Biblioteca Guarneriana Part I: “And if any man wanted above said books”

The commune of San Daniele del Friuli is most famous for one thing- prosciutto.  Ham is a serious business for San Daniele, and from the displays at the Museo del Territorio to a tour of the Prosciutteries to dinner at any one of the many restaurants serving up prosciutto,  San Daniele has a long history, beginning as a Roman settlement, and there is a large body historic structures to be seen.  My favorite location though happens to be in the Piazza Vittorio Emanuele II, the main town square.

The Biblioteca Guarneriana from the west. And my spouse stretching his legs from the hike up Via Roma to reach it. Courtesy of the author.

That building is the Biblioteca Guarneriana, one of the oldest public libraries in Italy.  On the 10th of October in 1466, Guarnerio d’Artegna dictated his final will, in which he gifted his library of 173 manuscripts to the San Daniele and its people.  An avid intellectual, educated at the University of Padua and the intellectual circles of Rome, Guarnerio began his ecclesiastical career in Friuli in 1435.  He was ordained around 1445 and appointed the second highest civil and religious authority under the Patriarch of Aquileia.  There was a lot going on politically at this time in Italy, and you can read a more detailed biography of Guarnerio here.  Suffice to say, San Daniele became his parish, and thereby the center of the Church of Aquileia.  The collection expanded over the years, most notably with the donations of Guisto Fontanini in 1734.  Though the collection has been sequestered away in times of war, robbed by invading forces and occasionally “borrowed” out of by other collections in Italy, it has always greatly treasured by the community.

At this time the library has over 120,000 volumes.  The various religious and humanist texts from Guarnerio, Fontanini and others include eighty incunabula (books that were printed as opposed to handwritten prior to 1501), a 14th-century Divine Comedy, and the “gem” the 1190’s Byzantine Bible from the Latin Kingdom in Jerusalem.  The archival collection also contains the Municipal Collection, which documents the evolution of the local government through the Acts of the Community ( 1213 to 1797), the Democratic Municipality (1797-1814), and the City (1800-1870).  Even a text entitled “Discourse on the game of football Fiorentino, Del Puro Academic Altered ” from 1580 is to be found in the library.

Looking out from the loggia into the piazza. Courtesy of the author.
The fresco and painted beams inside the loggia.

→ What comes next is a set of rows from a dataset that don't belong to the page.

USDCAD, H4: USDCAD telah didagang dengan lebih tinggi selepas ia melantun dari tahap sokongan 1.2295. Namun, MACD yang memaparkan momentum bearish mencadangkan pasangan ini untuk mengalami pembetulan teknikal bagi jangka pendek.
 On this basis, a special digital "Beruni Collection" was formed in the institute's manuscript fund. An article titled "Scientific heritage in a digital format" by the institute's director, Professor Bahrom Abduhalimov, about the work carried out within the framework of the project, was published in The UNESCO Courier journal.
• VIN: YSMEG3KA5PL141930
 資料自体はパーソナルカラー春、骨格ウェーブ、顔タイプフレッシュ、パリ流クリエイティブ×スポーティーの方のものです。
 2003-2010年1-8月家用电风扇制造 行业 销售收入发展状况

Courtesy of the author.

The collection was housed in the Palazzo Comunale, a 15th century building off the piazza.  The municipal palace- or as we in the US tend to say, town hall- has a loggia was the first part of the structure built in 1415.  In both medieval and Renaissance Italy, loggias and porticos were common.  (Though often used interchangeably, we can differentiate between porticos and loggias on a functional basis.  Porticos describe the covered entrances to buildings, while loggias are not built at the entrance but are simply a sort of outdoor extension of the building.)  Loggias were often built in conjunction with squares, and as seen in treatises on architecture of the time, were viewed as necessary for functional community life.  The shaded walkways provided places for workers to rest in the afternoon, parents and caregivers to bring small children outdoors, and by being raised above the square provided public seating for events and festivals.  The loggia features beautifully carved and painted beams, as well as remnants of the fresco along the top of one wall.

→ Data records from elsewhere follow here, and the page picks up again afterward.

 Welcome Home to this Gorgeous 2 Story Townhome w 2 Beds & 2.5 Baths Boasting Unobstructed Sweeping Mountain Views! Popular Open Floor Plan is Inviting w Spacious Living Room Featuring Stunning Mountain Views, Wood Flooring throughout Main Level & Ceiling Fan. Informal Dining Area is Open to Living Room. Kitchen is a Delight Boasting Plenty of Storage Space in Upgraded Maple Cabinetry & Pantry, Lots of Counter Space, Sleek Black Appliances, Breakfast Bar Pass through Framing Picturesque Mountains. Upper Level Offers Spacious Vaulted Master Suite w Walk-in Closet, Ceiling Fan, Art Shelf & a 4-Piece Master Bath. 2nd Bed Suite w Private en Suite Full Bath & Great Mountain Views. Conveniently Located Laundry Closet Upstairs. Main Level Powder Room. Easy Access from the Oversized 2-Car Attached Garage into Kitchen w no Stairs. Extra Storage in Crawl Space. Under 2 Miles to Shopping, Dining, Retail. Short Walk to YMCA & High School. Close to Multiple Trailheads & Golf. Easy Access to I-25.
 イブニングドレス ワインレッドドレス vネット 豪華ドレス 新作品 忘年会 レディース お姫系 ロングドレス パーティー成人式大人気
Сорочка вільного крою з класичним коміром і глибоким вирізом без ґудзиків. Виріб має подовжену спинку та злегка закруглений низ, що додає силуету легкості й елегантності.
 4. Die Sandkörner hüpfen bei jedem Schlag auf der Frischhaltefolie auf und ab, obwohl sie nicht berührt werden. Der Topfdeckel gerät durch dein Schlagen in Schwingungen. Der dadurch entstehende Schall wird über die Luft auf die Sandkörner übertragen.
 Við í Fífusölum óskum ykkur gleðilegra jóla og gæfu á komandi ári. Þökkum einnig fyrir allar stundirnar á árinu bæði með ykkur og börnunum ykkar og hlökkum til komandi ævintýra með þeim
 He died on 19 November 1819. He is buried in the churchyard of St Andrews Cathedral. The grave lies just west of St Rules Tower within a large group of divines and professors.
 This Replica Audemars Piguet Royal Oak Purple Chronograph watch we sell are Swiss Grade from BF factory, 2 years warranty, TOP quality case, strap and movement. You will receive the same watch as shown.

The Bibioteca Guarneriana in 1900, the early 1990s and during renovations in 2011.  Courtesy of the SIRPAC archives, and
The Bibioteca Guarneriana in 1900, the early 1990s and during renovations in 2011. Courtesy of the SIRPAC archives, and


The building’s most recent renovation was completed in 2012 by Claudio Del Mestre and team. For some great renderings of the building, including illustrations of the periods of construction, pop over to archilovers.  The library entrances from the loggia and the study are both part of the renovations, as well as restorations to the plaster work.